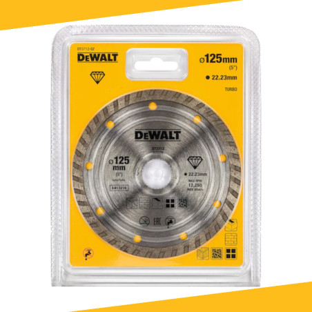Dzięki cienkiemu rzazowi zwiększającemu prędkość cięcia i jednocześnie ograniczającemu pylenie , wydajne tarcze DEWALT Turbo są wyposażone w wydajny i niezwykle trwały układ diamentowy oferujący 200-krotnie większą żywotność od tradycyjnych tarczy ściernych. Zapewnia zwiększoną prędkość cięcia na stałej głębokości. Idealnie nadaje się do cięcia ręcznych materiałów murarskich , w tym bloczków, sidingu itp.
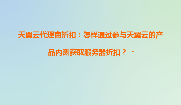 2025-04-20如何通過參與天翼云產(chǎn)品內(nèi)測獲取服務(wù)器折扣? 隨著云計(jì)算市場競爭的日益激烈,天翼云憑借中國電信強(qiáng)大的資源整合能力與技術(shù)創(chuàng)新,逐漸成為企業(yè)及開發(fā)者上云的重要選擇。對于希望降低成本的用戶而言...
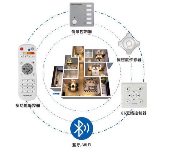 可根據(jù)不同場(chǎng)所的不同用光環(huán)境定制解決方案,并且可以一燈多用,多種模式可調(diào)節(jié),實(shí)現(xiàn)多種調(diào)節(jié)模式只需一個(gè)巴掌大的控制面板。也可在家庭局域網(wǎng)中使用,配合手機(jī)APP或天貓精靈等智能家具控制器實(shí)現(xiàn)智能語(yǔ)音控制,在手機(jī)上就可輕松調(diào)節(jié)用光環(huán)境,在您需要的時(shí)候給您舒適的光。
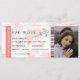 Bilhete de casamento moderno com monograma de cartão de embarque com um fundo branco e salmão simples, uma foto do casal noivo, um avião com uma trilha em loop e um modelo de salvar a data personalizado que é fácil de personalizar. Não se esqueça de atualizar o texto do monograma no verso.
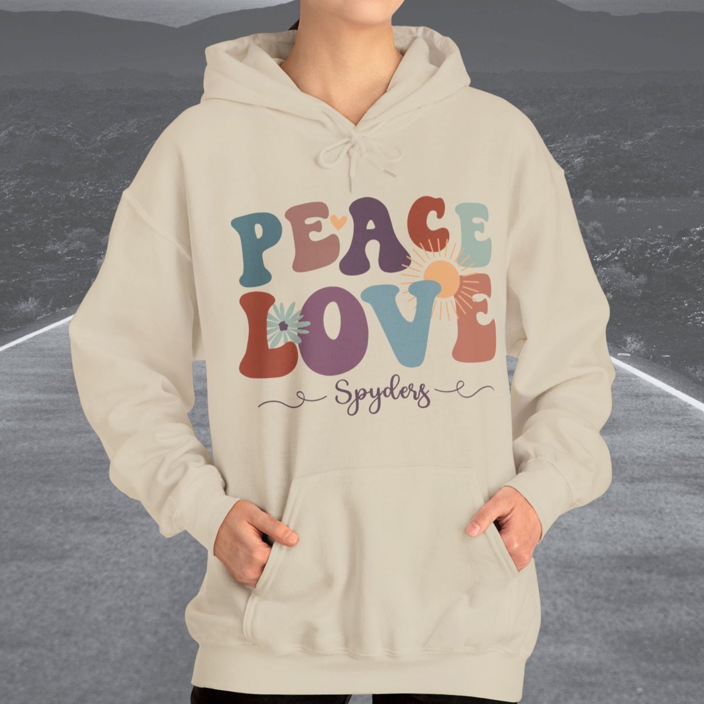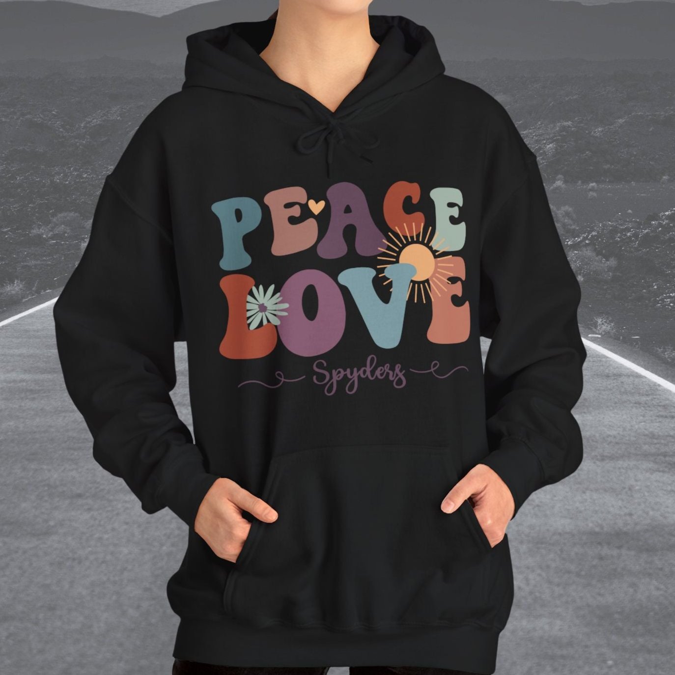 Embrace the open road in style with our Ladies Can-Am Spyder hooded sweatshirt, featuring a retro boho design that reads "Peace. Love. Spyders." in a playful mix of fonts. Complete with boho-style flowers and sun elements, this hoodie is designed in a traditional boho color scheme, perfect for those who love adventure and freedom. Soft and comfortable, this unique heavy weight shirt is a must-have for any Can-Am Spyder rider looking to combine her love for riding with chic, bohemian v
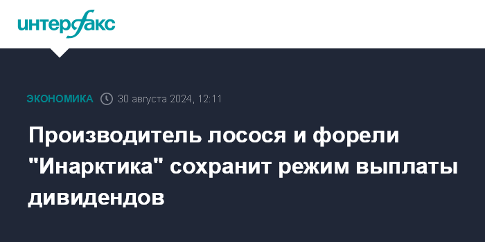 Москва. 30 августа. INTERFAX.RU - Компания "Инарктика", ведущий производитель атлантического лосося и форели в РФ, планирует сохранить действующий режим выплаты дивидендов - три раза в год, сообщил генеральный директор компании Илья Соснов на телефонной конференции в пятницу.
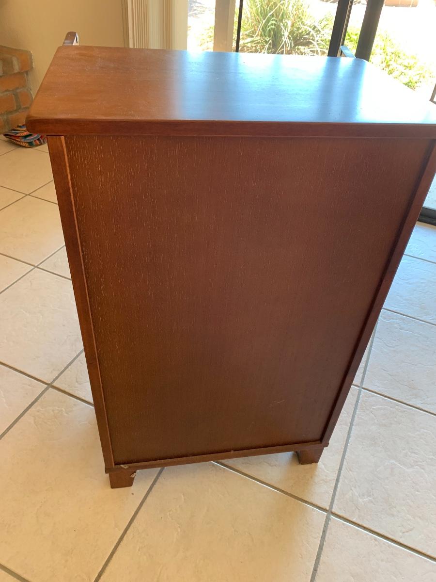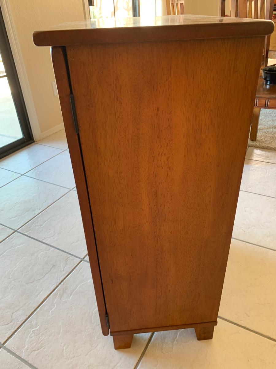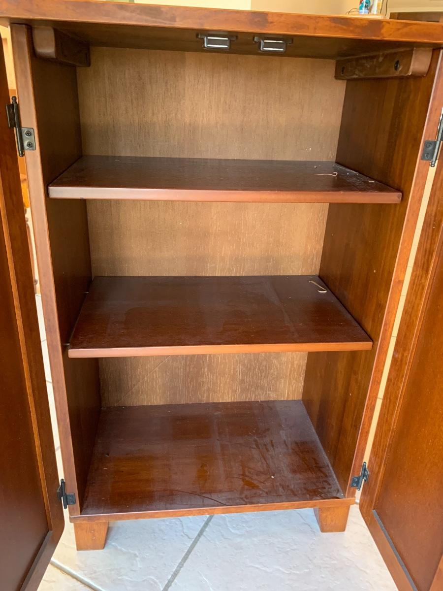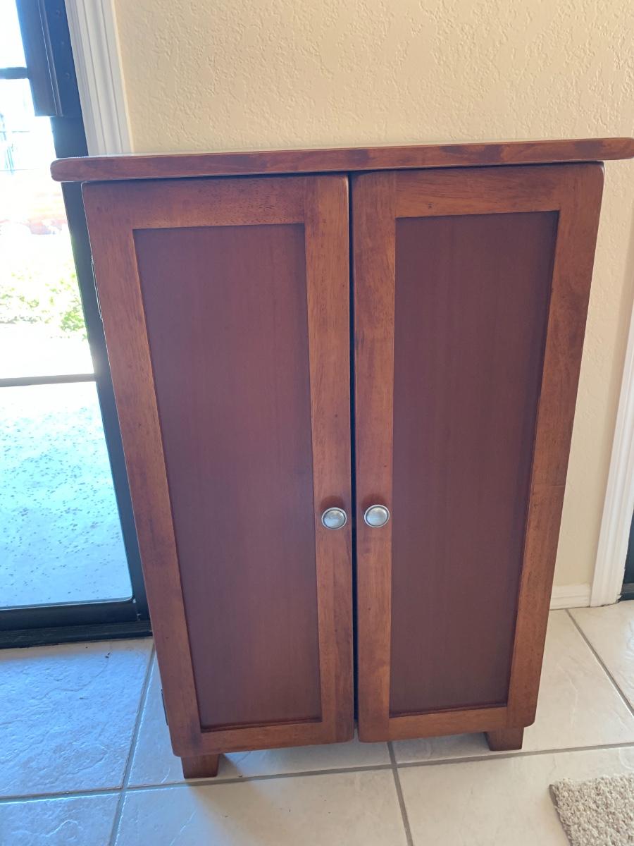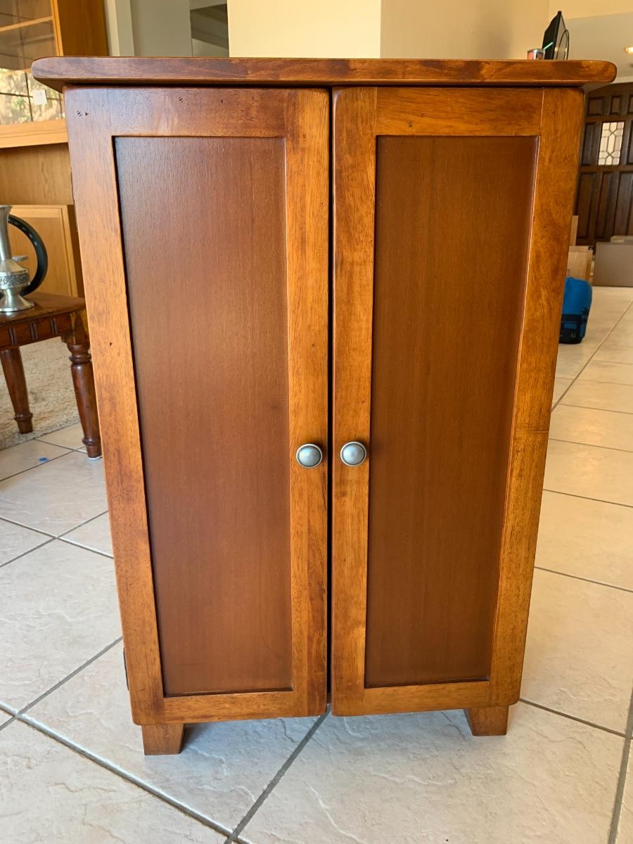 One small hardwood storage cabinet with 3 adjustable shelves, magnetic doors and silver hardware in excellent condition (34 inches in height, 22 inches in width, 14 inches in depth)
******************************
§ **Exercise brief**
Word for word, retype the lines from the one with "Москва. 30 августа." through the final line of the data, both included. No pictures belong in the copy.

§ **Task result**
 Москва. 30 августа. INTERFAX.RU - Компания "Инарктика", ведущий производитель атлантического лосося и форели в РФ, планирует сохранить действующий режим выплаты дивидендов - три раза в год, сообщил генеральный директор компании Илья Соснов на телефонной конференции в пятницу.
 One small hardwood storage cabinet with 3 adjustable shelves, magnetic doors and silver hardware in excellent condition (34 inches in height, 22 inches in width, 14 inches in depth)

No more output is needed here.